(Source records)
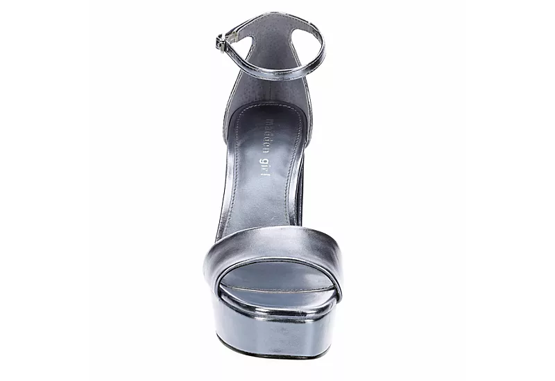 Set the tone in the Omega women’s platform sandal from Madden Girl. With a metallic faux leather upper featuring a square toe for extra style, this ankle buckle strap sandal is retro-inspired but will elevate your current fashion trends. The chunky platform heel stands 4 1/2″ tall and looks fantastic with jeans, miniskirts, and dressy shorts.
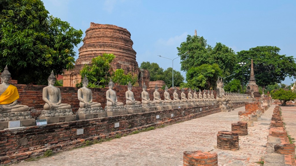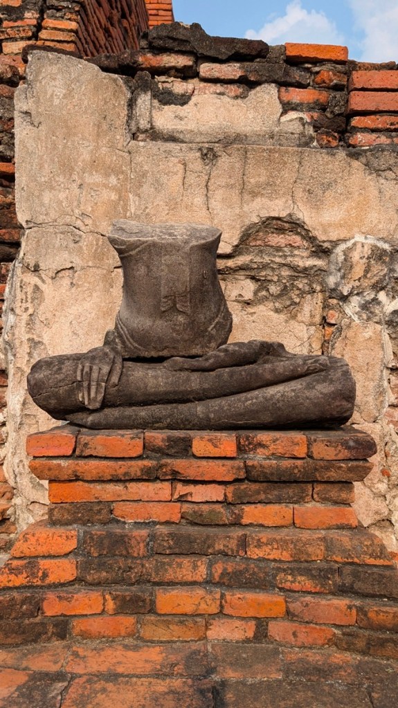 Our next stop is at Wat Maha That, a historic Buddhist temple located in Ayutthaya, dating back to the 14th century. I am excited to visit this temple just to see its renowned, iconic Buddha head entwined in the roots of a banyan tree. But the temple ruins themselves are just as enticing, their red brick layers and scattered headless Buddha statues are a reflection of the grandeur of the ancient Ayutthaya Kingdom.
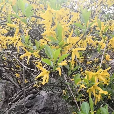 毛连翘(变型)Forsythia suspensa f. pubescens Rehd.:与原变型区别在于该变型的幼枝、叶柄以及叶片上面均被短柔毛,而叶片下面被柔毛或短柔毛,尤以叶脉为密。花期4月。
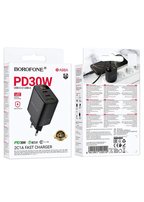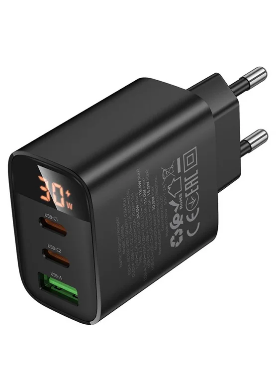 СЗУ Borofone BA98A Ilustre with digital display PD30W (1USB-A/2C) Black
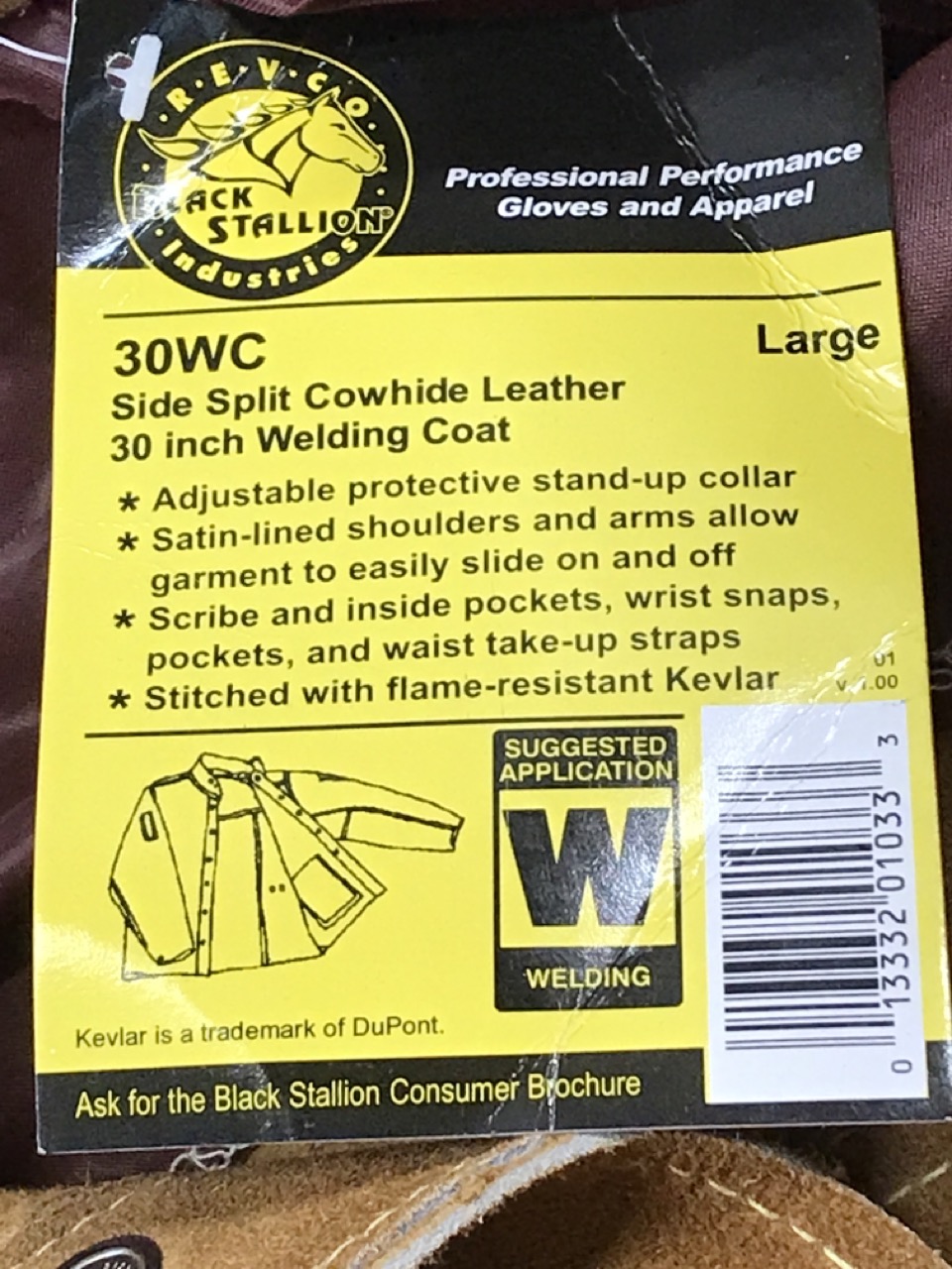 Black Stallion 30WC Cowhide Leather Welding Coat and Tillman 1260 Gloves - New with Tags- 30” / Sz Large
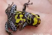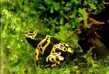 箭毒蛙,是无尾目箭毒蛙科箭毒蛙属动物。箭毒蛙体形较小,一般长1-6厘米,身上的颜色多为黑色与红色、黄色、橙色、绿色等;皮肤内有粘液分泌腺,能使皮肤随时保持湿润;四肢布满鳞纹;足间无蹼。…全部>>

INSTRUCTIONS TO FOLLOW: Exclude every picture, then reproduce the remaining data character for character.

ANSWER AREA:
 Set the tone in the Omega women’s platform sandal from Madden Girl. With a metallic faux leather upper featuring a square toe for extra style, this ankle buckle strap sandal is retro-inspired but will elevate your current fashion trends. The chunky platform heel stands 4 1/2″ tall and looks fantastic with jeans, miniskirts, and dressy shorts.
 Our next stop is at Wat Maha That, a historic Buddhist temple located in Ayutthaya, dating back to the 14th century. I am excited to visit this temple just to see its renowned, iconic Buddha head entwined in the roots of a banyan tree. But the temple ruins themselves are just as enticing, their red brick layers and scattered headless Buddha statues are a reflection of the grandeur of the ancient Ayutthaya Kingdom.
 毛连翘(变型)Forsythia suspensa f. pubescens Rehd.:与原变型区别在于该变型的幼枝、叶柄以及叶片上面均被短柔毛,而叶片下面被柔毛或短柔毛,尤以叶脉为密。花期4月。
 СЗУ Borofone BA98A Ilustre with digital display PD30W (1USB-A/2C) Black
 Black Stallion 30WC Cowhide Leather Welding Coat and Tillman 1260 Gloves - New with Tags- 30” / Sz Large
 箭毒蛙,是无尾目箭毒蛙科箭毒蛙属动物。箭毒蛙体形较小,一般长1-6厘米,身上的颜色多为黑色与红色、黄色、橙色、绿色等;皮肤内有粘液分泌腺,能使皮肤随时保持湿润;四肢布满鳞纹;足间无蹼。…全部>>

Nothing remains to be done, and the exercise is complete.